Since the organizer initially provided the information how public and private parts are splitted, we decided to utilize this info and design our local validation as similar as possible to the private part. So, we can say that the public part of the leaderboard was of little interest to us.
The validation scheme is shown in the picture below (for citeseq part). Since we have three days in train dataset (citeseq task), the number of splits equals 6, for the multiome part the scheme was the same. However, there were 9 splits due to the larger number of days (at the very end we slightly modified this scheme so that validation fold always contained only one (nearest) day).
Since the last available day (in train dataset) was always in validation folds, we could not use this validation scheme for the traditional folds blending. So, when we wanted to make submit, we used the usual KFold validation with shuffle. The approach was the following: all hypotheses and experiments, including hyperparameters tuning, were tested on true cv and afterwards these models were retrained on KFold.

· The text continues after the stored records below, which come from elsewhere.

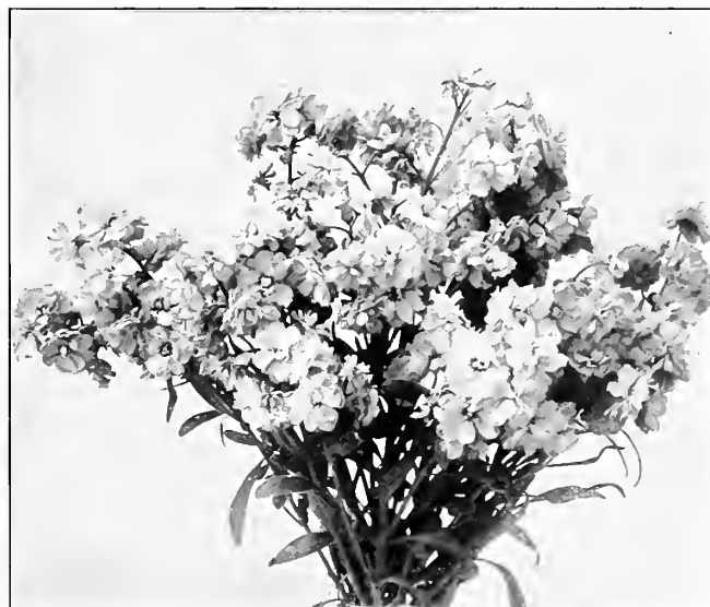
STOCKS—EARLY BRANCHING NICE
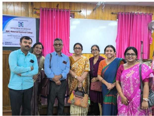
Figure 4 Speakers and Dignitaries
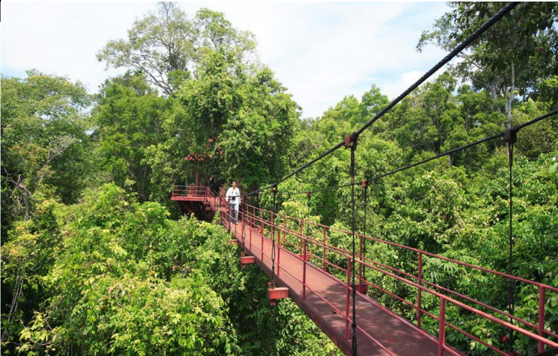
Peninsular Botanic Garden (Thung Khai)

is located in Tambon Thung Khai, it is a tourist attraction for those who are interested in the study of nature and vegetation. Inside, there is a tourist center, an arboretum, an herbal garden, a botanical library, an herbarium, a conference
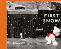
FIRST SNOW by Bomi Park
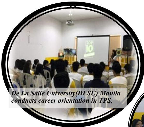
De La Salle University(DLSU) Manila conducts career orientation in TPS.
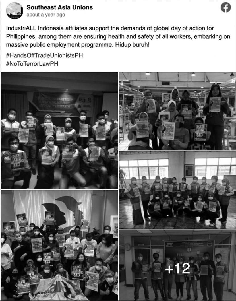
Screenshot of Global Solidarity for Jobs, Rights, Safety, and Accountability in the Philippines.
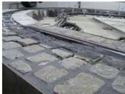
Figure 2: Displacements on test bodies 7 and 8 at 30°C during the first cycle

At STUVA's facility, various tests were carried out simulating the load exerted on track surfaces by buses and lorries over a period of ten years. A total of 16 different track types were tested: eight with a firm carriageway surface and eight with a 'green' one capable of being driven over in an emergency (six with granulate for sedum and two with artificial turf on top of concrete bodies).
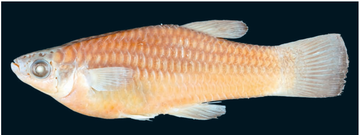
Fig. 2. Priapella lacandonae ; Mexico: río Mizola 20 km S Palenque, paratype, MTD F 32299, female, 49.1 mm SL.
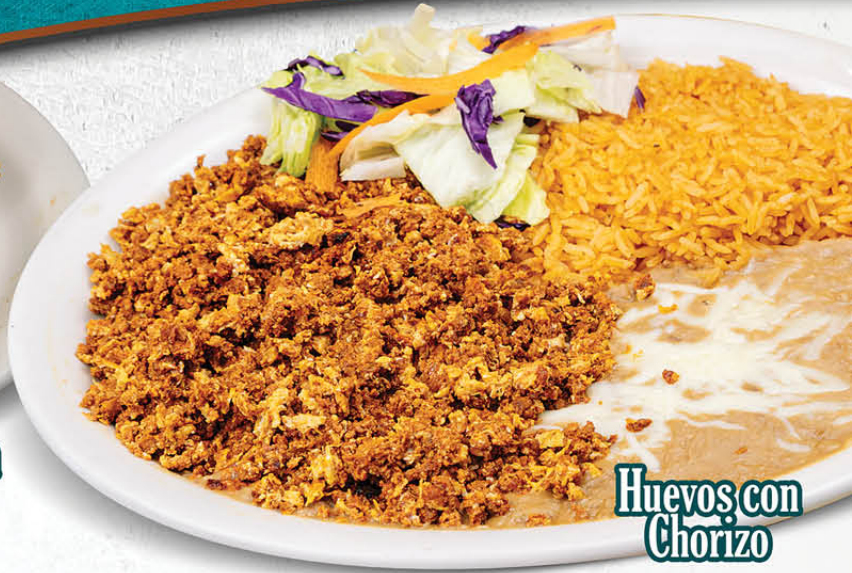
Huevos con Chorizo
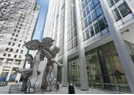
28 Liberty Street

When it comes to the upkeep and maintenance of New York City's world-famous buildings and skyscrapers, the men and women of Local 94 are truly the unsung heroes. A perfect example of this is the colossal 28 Liberty Street, once known as One Chase Manhattan Plaza.
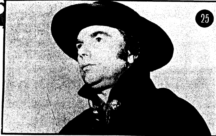
VAN MORRISON: the bright, young face of Highwayman chic
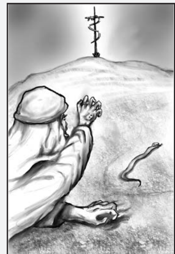
The brass snake was a substitute for the Israelites in the desert who were dying from snake bites.

Jesus came to show the Father to us (John 1:18). When we see Jesus’ love, we also see who the Father is.
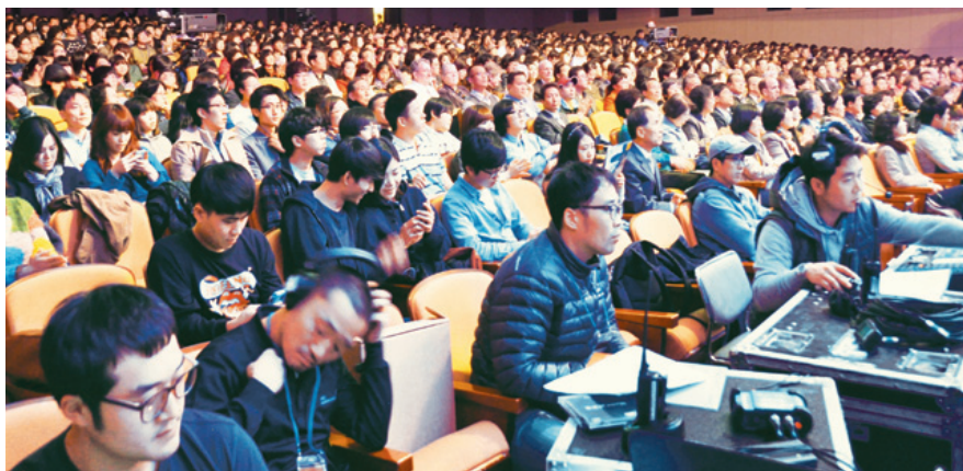
More than 2000 audience enjoyed the concert
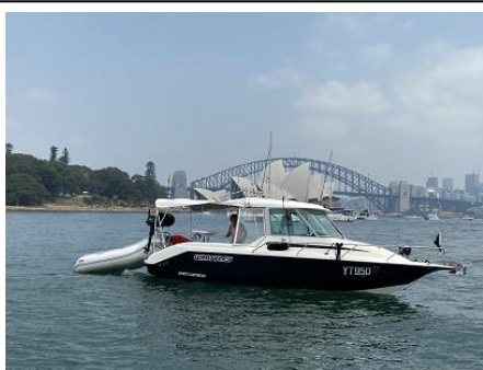
Farm Cove and "To the Point" just won't go any further! Not a bad spot to stop and enjoy the view!
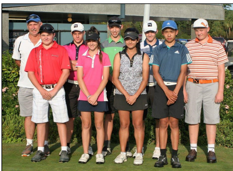
The Junior Interclub team

Any 18 holers who haven't got the time or energy to play a full round would also be very welcome to join us on a Tuesday morning.
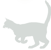
Figure 2 Pet cats that spend any time outdoors are at greater risk of exposure to many infectious diseases compared with indoor-only pet cats.

Veterinarians should reassess risk factors for exposure to infectious disease at least once a year, as changes in the health of the animal or its lifestyle may dictate modifications in vaccinations needed.

We used PCA for dimensionality reduction for both tasks. Autoencoder was tested on citeseq dataset too, but performed slightly worse than PCA. We also used “important” features in their raw form for citeseq task. Moreover we created some additional features based on aggregations of “important” columns over metadata (for example, “mean_feature_1_by_donor”). Such features gave us + 0.0003 for GBDT model on local CV.
- Citeseq task : 3x multilayer perceptrons, 1x Conv1D, 1x pyBoost (best single model).
- Multiome task : 1x multilayer perceptron, 1x TabNet, 1x pyBoost (best single model).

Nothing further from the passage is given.